- Work task:
Line by line, repeat the data below exactly, beginning at the first line and ending at the line with "DemographicsWB WDIwb_wdi:SP.POP.65UP.TO.ZS•Percentage•1960 →". Omit pictures.
* * * * * * * * *
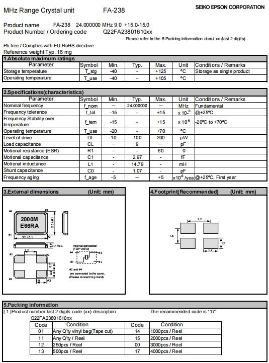 | Q22FA2380159716 | 3.2 x 2.5 x 0.7mm | FA-238 | 24.000000 MHz | 10 pF | +/-50 ppm | +/-30 ppm | -20 to +70 °C | ≤ 60 Ω |
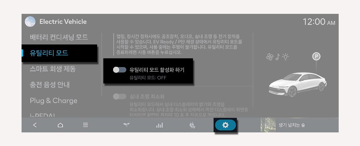 Ĵ (EV 설정) > 유틸리티 모드를 선택한 후 유틸리티 모드 활성화 하기를 눌러 기능을 켜십시오.
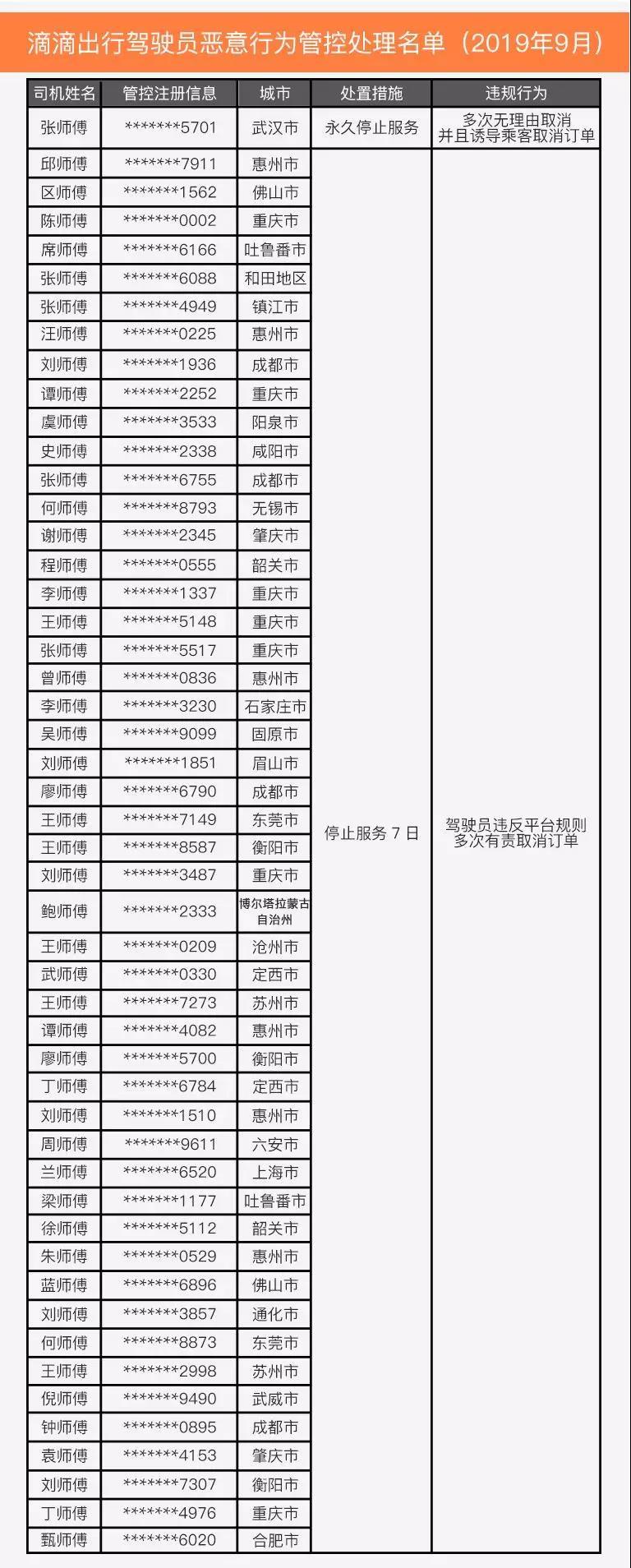 晶報2019年10月25日訊 昨日(24日),滴滴出行微信公眾號公示2019年9月部分虛假投訴的乘客以及存在惡意行為的駕駛員名單,名單中包括27名乘客和50名司機。
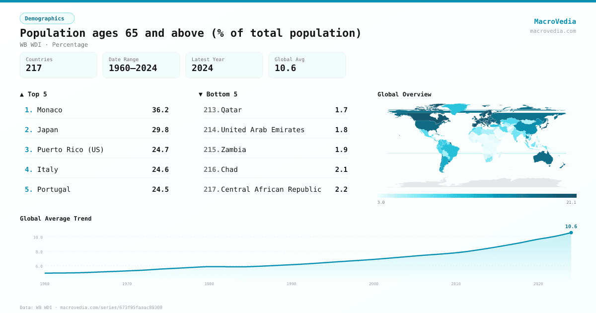 DemographicsWB WDIwb_wdi:SP.POP.65UP.TO.ZS•Percentage•1960 → 2024•217 countries
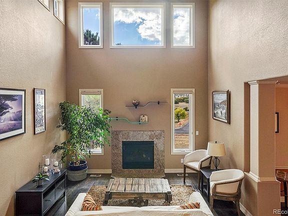 Experience the best of Colorado living in this exquisite custom-built residence, nestled on a breathtaking 5-acre cul-de-sac lot in beautiful Bell Mountain Ranch. Spanning over 5,000 livable sq. ft., this two-story features 5 bedrooms, 5 bathrooms, a fully finished basement, & spacious 3-car garage, surrounded by serene rolling hills & mountain views. Recent thoughtful enhancements showcase meticulous craftsmanship and high-end finishes w/its newly refinished driveway, new roof, & fresh exterior paint. New industrial-style office space & half bath add character and functionality, while the gourmet kitchen is a chef's dream, featuring top-tier new appliances:SMART Dacor refrig, Viking gas cooktop, & KitchenAid double ovens. There is generous natural light throughout w/soaring ceilings & grand entry staircase leading to the primary bedroom, complete w/a newly renovated 5-piece luxury bathroom. The formal living & dining areas boast a cozy gas fireplace, while the eat-in kitchen offers a granite island breakfast bar for casual dining. The expansive great room, also featuring a gas fireplace, showcases a wall of windows that beautifully frames breathtaking views, creating a connection w/nature while enjoying the comforts of home. Step outside to a walkout patio + rustic wood pergola, equipped w/an outdoor kitchen featuring a Weber grill ideal for entertaining or unwinding in your landscaped, fenced yard. The light-filled walkout basement expands your living space 1,559 sq. ft., w/a great room, an ADA-accessible 3/4 bath (ideal for multi-generational living), & a craft room that can serve as a non-conforming bedroom. Home theater & game room w/an included pool table plus a designated area for a workshop & gym, along w/ample storage options. An exceptional home that offers a unique opportunity for tranquility, w/access to 24 miles of trails rich in wildlife, designed w/equestrian enthusiasts in mind.
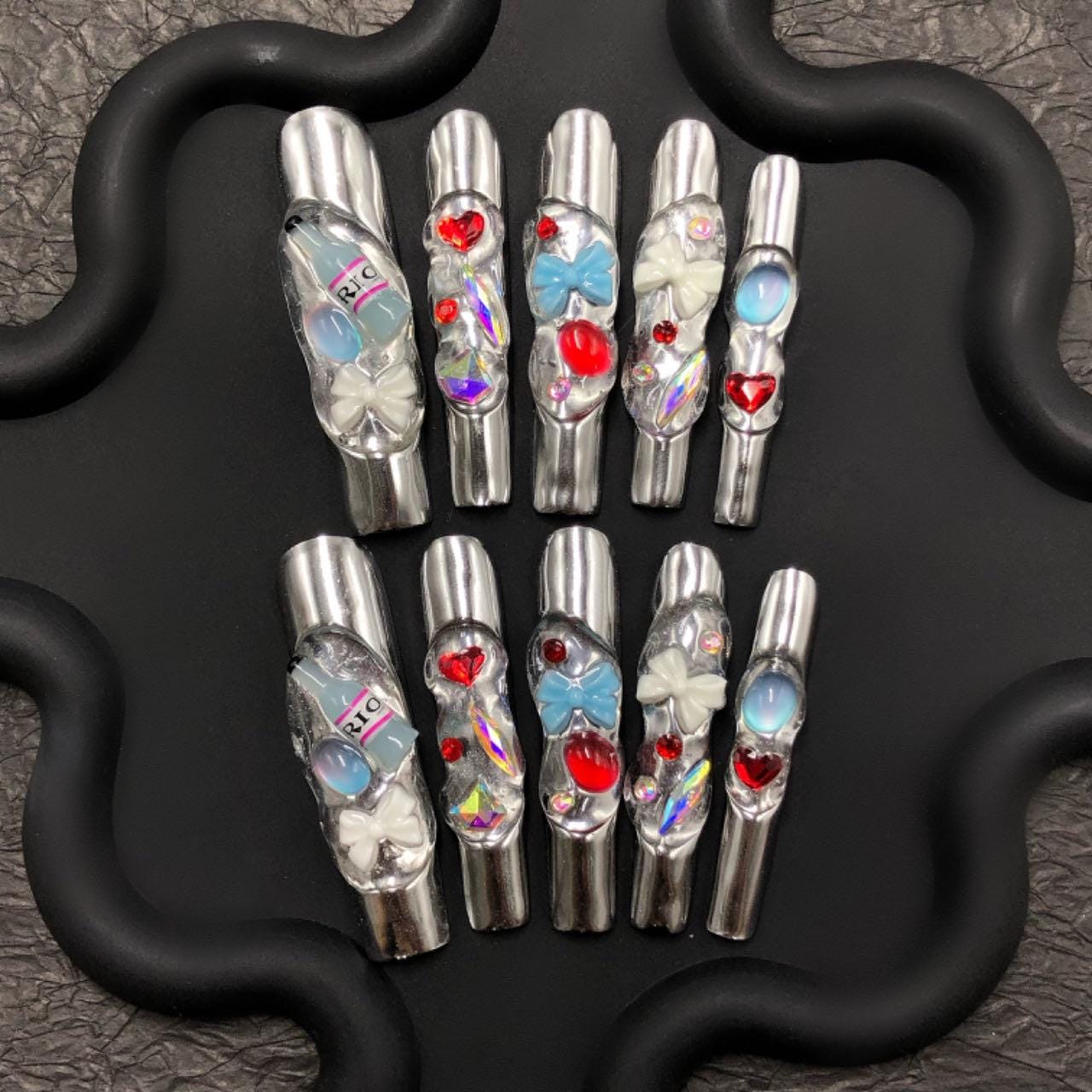 Chrome Heart Capsule Press On Nails – 3D Bow & Bubble Charm Futuristic Set Artificial reusable fake glue on faux manicure nails trendy art
* * * * * * * * *
- Your response:
 | Q22FA2380159716 | 3.2 x 2.5 x 0.7mm | FA-238 | 24.000000 MHz | 10 pF | +/-50 ppm | +/-30 ppm | -20 to +70 °C | ≤ 60 Ω |
 Ĵ (EV 설정) > 유틸리티 모드를 선택한 후 유틸리티 모드 활성화 하기를 눌러 기능을 켜십시오.
 晶報2019年10月25日訊 昨日(24日),滴滴出行微信公眾號公示2019年9月部分虛假投訴的乘客以及存在惡意行為的駕駛員名單,名單中包括27名乘客和50名司機。
 DemographicsWB WDIwb_wdi:SP.POP.65UP.TO.ZS•Percentage•1960 → 2024•217 countries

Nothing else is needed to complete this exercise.